> > Your Spartans are even low res. Just use a guest controller, go in customs, and look at the other Spartan. It is nasty looking. Walk up on a box or wall, it looks like blurry mesh. He looks good in Lobby lol. The texture pop ins aren’t enough. To those saying what the 360 can do, look at Far Cry 3…
> >
> > Halo 4 pulled off lighting, but does not deserve best graphics as some say. Reach easily surpasses Halo 4 in texture. Maybe even Halo 3, because I don’t remember texture eye sores in Campaign or anywhere else.
>
> Exactly, people need to realize it’s not about how old the console is, as other contempory (and past) games have better graphics than Halo 4.
>
> ON A SINGLE DISC
No, I don’t think any game on Xbox has better graphics than Halo 4, nor do I think that Halo 4 has the best graphics on the console.
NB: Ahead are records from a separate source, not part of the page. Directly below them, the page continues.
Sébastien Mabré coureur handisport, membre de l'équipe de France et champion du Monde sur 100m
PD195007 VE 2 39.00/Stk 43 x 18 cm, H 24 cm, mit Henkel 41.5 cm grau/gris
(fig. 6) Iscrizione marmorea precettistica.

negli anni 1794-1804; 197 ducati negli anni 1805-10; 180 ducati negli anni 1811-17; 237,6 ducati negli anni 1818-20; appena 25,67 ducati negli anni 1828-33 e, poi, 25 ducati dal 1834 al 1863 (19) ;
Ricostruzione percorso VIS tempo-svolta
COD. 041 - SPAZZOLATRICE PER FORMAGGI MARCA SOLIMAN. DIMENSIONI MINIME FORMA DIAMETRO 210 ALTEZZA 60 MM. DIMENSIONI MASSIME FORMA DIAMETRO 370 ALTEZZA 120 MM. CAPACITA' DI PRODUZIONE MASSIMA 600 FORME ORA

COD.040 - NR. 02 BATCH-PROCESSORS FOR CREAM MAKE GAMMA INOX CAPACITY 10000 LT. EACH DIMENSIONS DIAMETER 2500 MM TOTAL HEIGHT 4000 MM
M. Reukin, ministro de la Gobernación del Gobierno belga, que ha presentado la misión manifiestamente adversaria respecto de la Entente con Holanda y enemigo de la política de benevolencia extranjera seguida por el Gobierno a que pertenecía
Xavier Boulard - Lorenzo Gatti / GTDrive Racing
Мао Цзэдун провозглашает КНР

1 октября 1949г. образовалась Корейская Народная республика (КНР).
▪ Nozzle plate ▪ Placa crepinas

We’re so far into the console’s life that all games that have enough money put into development can have the level of graphics where it’s impossible to distinguish which game has better graphics.
As a matter of fact, graphical quality is really hard to judge in the first place. It’s not really about the art, as we know that as hardware gets more powerful, graphics get better. It definitely has to do with the processing power. Do “graphics” mean the average amount of operations per pixel per frame? What if certain type of code has the same visual effect with fewer operations and hence has less operations per pixel per frame, does it have worse graphics?
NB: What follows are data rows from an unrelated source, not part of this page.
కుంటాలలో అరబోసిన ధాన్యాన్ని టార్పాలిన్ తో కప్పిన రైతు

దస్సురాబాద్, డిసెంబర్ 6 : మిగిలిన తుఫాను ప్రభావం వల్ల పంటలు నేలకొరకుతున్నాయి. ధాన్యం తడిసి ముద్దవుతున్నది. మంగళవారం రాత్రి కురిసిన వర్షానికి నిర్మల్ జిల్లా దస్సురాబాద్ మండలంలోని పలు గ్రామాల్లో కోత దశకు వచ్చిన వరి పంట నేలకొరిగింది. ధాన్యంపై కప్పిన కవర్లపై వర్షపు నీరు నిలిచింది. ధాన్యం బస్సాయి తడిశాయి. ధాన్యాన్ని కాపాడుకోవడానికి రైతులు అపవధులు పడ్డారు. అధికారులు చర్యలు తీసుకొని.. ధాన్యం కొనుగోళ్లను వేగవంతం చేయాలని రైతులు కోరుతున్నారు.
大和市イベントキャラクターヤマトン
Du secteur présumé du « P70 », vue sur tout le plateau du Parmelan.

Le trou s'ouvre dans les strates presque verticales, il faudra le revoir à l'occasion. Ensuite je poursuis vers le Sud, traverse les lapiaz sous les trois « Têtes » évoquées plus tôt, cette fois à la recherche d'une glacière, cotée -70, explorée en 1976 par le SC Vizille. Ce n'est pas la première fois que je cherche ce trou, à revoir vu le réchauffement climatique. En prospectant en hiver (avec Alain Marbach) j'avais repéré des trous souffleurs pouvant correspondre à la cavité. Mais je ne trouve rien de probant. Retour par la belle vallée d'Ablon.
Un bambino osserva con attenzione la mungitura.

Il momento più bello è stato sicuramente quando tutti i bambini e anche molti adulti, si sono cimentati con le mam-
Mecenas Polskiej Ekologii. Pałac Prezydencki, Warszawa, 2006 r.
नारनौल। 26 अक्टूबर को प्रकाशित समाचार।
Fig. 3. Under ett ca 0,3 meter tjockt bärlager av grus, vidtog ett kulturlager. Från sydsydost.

The only time we can see any actual difference in graphics is when it’s really clear, when every single aspect of a certain game is visibly of higher fidelity than in the other game. However, when it comes to any AAA title released during this decade, it’s impossible to tell which game has better graphics.
Far Cry on the 360, for example, has some things it does better than other games, and some things it does worse. On one hand, the foliage is very impressive. On the other hand, the texture resolution is low in most cases, and especially the foliage seems to have very low resolution textures. On the other hand, the foliage is only rendered to a very short distance, and at a distance, the LOD makes all trees to identical, flat, 2D textures.
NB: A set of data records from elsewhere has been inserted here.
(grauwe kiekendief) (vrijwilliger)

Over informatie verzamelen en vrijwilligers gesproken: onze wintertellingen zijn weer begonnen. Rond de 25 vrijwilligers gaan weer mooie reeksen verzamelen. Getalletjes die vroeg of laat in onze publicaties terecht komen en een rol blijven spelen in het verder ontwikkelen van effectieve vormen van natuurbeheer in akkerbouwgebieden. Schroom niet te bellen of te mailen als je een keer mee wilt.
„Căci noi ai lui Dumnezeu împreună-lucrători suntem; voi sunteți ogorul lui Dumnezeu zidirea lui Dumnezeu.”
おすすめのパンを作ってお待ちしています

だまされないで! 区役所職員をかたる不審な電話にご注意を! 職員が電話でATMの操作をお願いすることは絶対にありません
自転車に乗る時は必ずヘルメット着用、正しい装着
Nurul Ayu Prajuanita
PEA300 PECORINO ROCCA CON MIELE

With hardware with fixed power, it’s always a matter of tradeoffs, putting the detail where the player is most likely to see it while sacrificing somewhere else. Games do it differently, and what it ultimately comes down to is what the player’s attention is drawn to, and that’s not the same for everyone. On top of that, it also comes down to the artists’ abilities to make beautiful assets that utilize the given resources as well as possible. But on fixed hardware, towards the end of its lifetime, it never, ever comes down to differences in graphical quality.
So, in the end of the day, it’s all about how old the console is. If you are given an arbitrary amount of operations per second/frame or instructions/operations per cycle, you can’t make that amount bigger, nor can you run your code at vastly higher effiency than your competition. In which case making the game look better only comes down to the skill of your artists and your ability to hide the tradeoffs, but certainly not better graphics.